** EXERCISE **
Only one stretch of the records below should be repeated. It starts with the line containing "So Prophet Muhammad" and goes on through the line containing "LOT: 63568915 VIN: 1GCHSDFE2C8137227", exactly as written.
===== MATERIAL SUPPLIED =====
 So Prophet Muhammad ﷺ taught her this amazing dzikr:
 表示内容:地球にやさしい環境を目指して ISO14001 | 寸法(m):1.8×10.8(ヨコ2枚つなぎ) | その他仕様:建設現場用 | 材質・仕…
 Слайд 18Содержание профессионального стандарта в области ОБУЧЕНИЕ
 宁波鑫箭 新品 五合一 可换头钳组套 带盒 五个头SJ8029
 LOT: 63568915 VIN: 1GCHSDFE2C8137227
=====
===== MATERIAL SUPPLIED =====
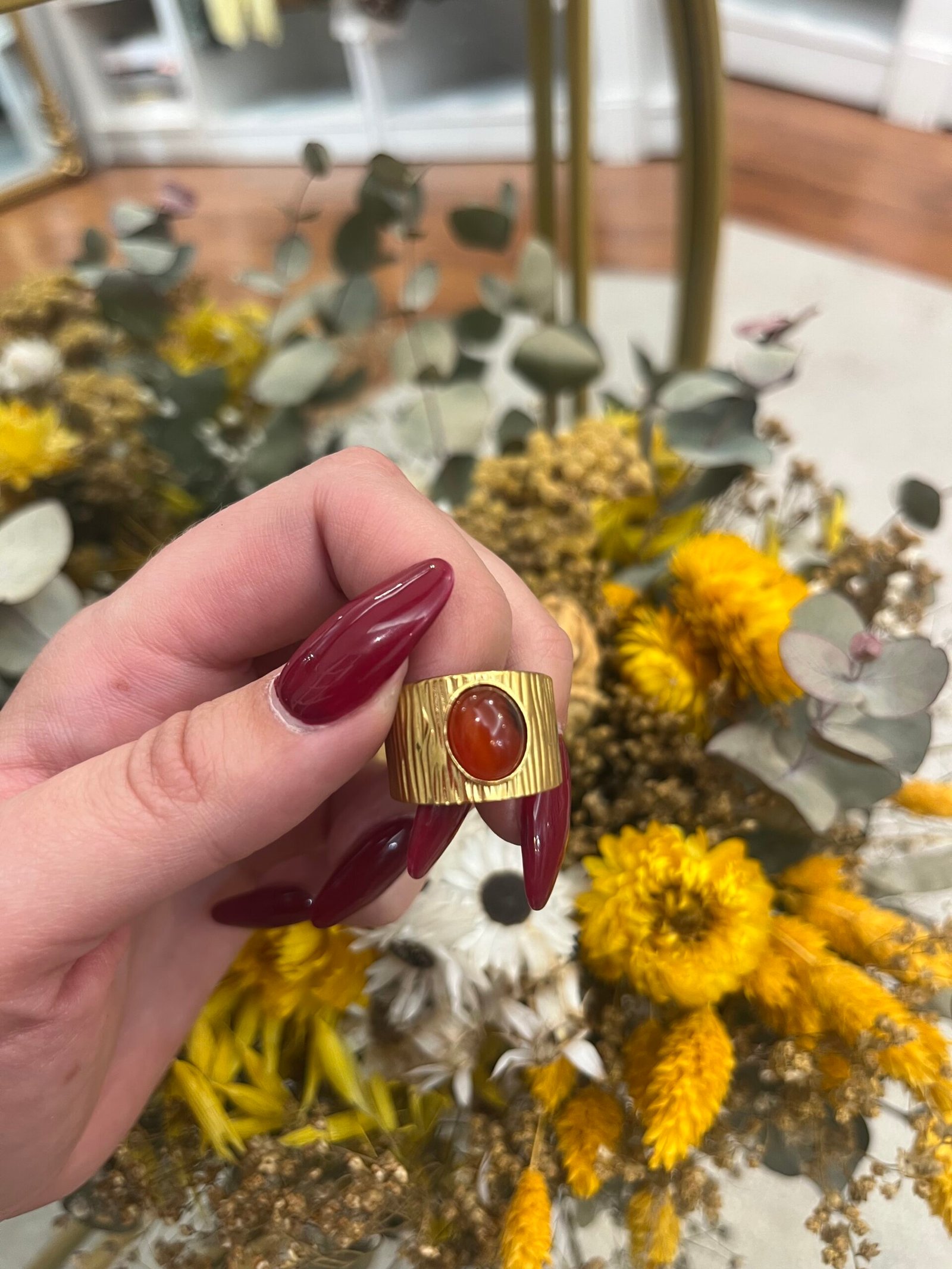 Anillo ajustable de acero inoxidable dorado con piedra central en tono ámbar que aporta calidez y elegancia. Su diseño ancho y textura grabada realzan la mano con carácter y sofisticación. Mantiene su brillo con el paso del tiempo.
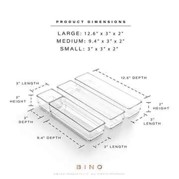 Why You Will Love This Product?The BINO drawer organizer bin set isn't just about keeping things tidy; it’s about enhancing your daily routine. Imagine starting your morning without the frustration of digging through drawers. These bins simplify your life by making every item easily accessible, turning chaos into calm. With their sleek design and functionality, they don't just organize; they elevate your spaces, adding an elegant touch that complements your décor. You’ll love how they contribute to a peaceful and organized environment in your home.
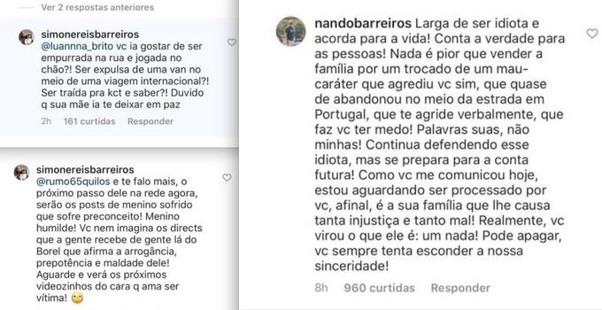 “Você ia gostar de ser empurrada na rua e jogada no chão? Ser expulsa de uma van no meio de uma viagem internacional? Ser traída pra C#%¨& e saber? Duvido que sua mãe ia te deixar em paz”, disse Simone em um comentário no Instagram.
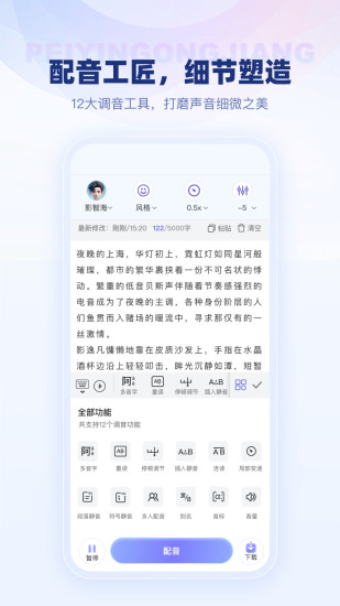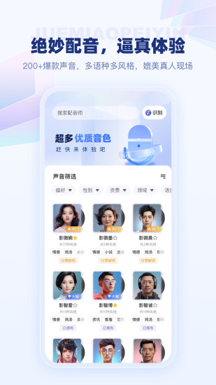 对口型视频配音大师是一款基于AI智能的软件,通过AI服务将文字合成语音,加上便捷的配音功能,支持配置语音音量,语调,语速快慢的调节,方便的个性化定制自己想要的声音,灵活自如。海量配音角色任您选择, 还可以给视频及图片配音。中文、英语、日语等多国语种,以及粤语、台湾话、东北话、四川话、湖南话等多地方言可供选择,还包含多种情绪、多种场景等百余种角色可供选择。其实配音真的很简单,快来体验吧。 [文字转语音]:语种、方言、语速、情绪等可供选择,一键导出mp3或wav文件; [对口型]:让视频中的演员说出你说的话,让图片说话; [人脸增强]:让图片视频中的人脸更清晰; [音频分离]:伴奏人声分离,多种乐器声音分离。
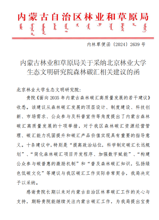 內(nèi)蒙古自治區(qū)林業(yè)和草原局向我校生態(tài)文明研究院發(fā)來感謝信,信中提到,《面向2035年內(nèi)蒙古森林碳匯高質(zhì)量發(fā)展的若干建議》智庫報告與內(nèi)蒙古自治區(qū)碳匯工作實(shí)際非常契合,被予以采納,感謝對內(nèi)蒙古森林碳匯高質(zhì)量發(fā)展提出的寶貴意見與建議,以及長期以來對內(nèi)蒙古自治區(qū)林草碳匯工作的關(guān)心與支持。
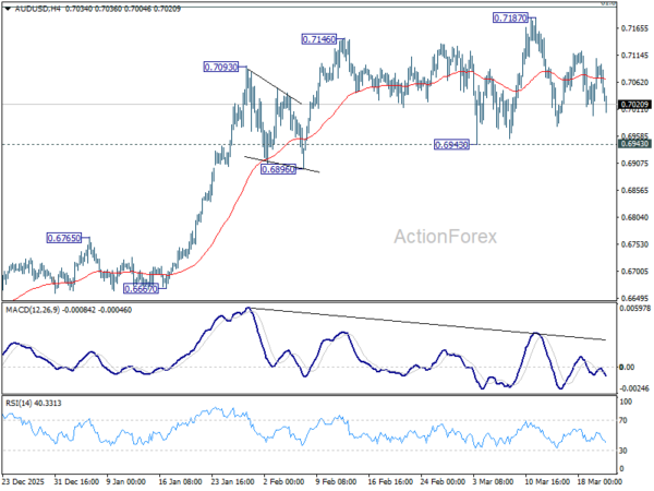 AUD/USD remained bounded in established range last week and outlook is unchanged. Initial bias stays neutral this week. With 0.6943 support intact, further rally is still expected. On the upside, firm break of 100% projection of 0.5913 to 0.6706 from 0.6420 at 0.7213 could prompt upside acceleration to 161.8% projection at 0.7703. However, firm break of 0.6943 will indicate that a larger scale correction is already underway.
=====
===== MATERIAL SUPPLIED =====
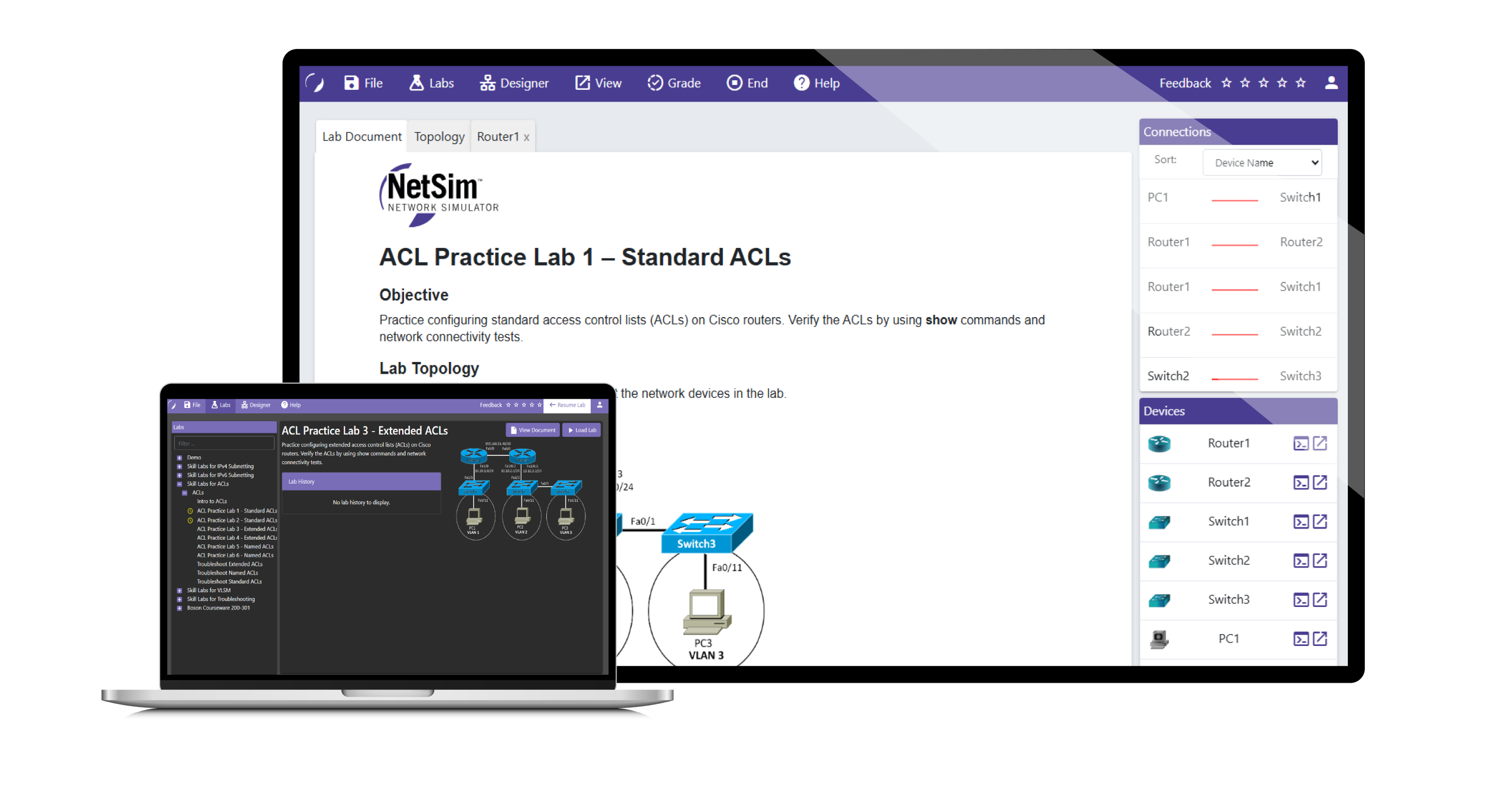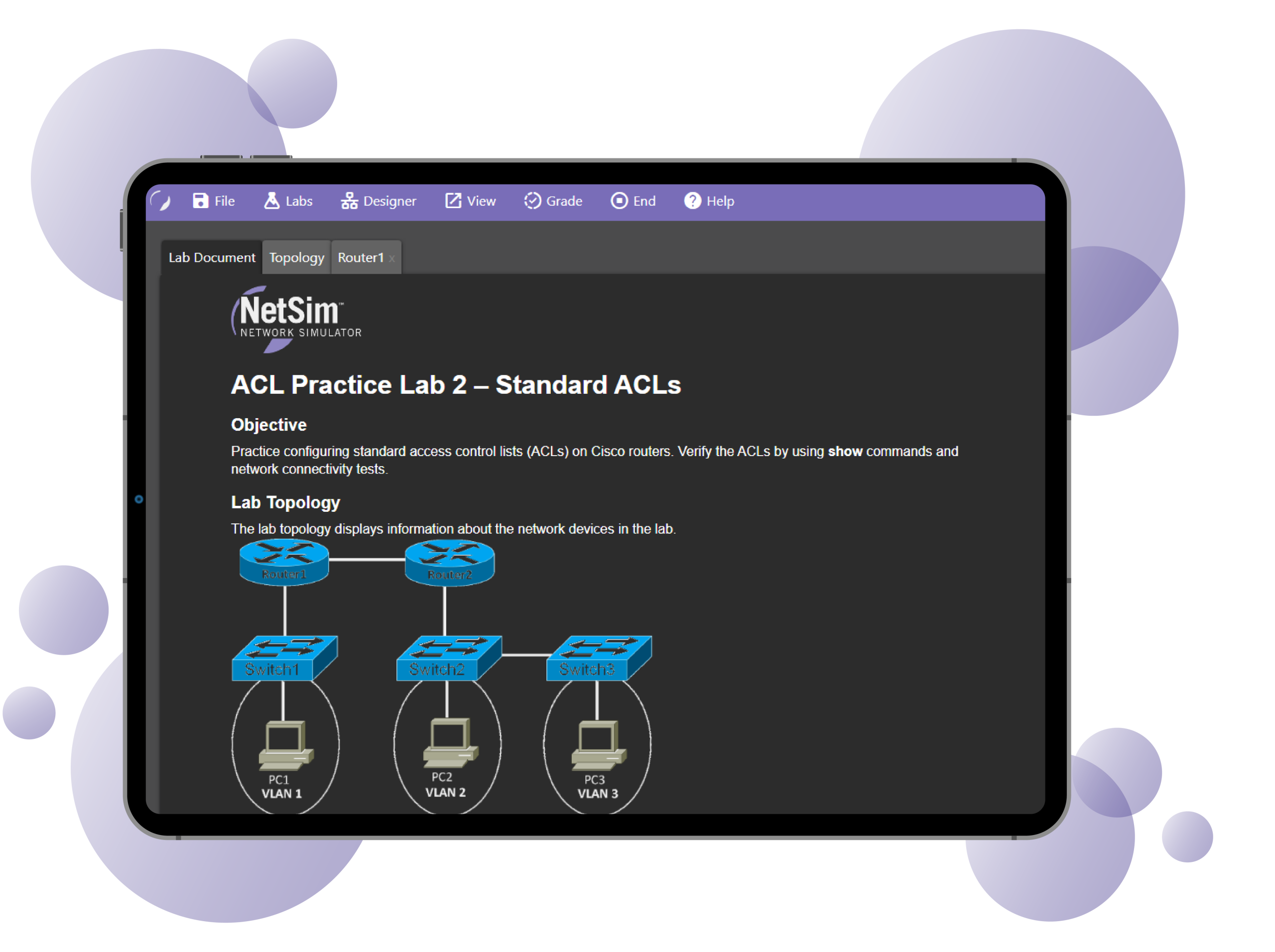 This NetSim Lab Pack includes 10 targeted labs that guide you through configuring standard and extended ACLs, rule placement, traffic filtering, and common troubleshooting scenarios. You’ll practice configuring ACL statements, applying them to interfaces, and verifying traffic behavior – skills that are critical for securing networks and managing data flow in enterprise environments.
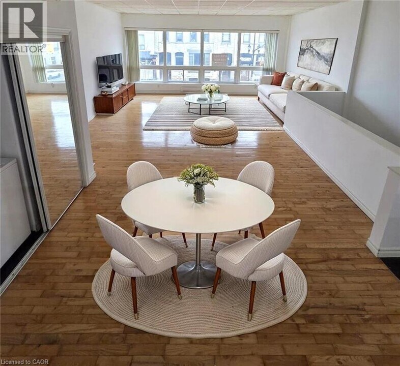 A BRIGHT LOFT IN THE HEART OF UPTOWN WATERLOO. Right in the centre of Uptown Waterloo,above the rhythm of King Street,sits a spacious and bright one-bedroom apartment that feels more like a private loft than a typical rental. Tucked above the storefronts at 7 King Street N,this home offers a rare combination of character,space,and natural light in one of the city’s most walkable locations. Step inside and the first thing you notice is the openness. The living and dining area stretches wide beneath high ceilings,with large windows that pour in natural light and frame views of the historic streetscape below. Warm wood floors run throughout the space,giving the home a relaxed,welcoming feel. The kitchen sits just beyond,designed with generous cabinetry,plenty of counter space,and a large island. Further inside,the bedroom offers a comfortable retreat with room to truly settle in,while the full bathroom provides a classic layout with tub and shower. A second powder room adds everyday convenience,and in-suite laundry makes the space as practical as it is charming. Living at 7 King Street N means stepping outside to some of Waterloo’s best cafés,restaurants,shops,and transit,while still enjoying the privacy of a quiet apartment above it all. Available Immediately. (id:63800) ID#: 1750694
=====
** RESULT OF THE EXERCISE **
 So Prophet Muhammad ﷺ taught her this amazing dzikr:
 表示内容:地球にやさしい環境を目指して ISO14001 | 寸法(m):1.8×10.8(ヨコ2枚つなぎ) | その他仕様:建設現場用 | 材質・仕…
 Слайд 18Содержание профессионального стандарта в области ОБУЧЕНИЕ
 宁波鑫箭 新品 五合一 可换头钳组套 带盒 五个头SJ8029
 LOT: 63568915 VIN: 1GCHSDFE2C8137227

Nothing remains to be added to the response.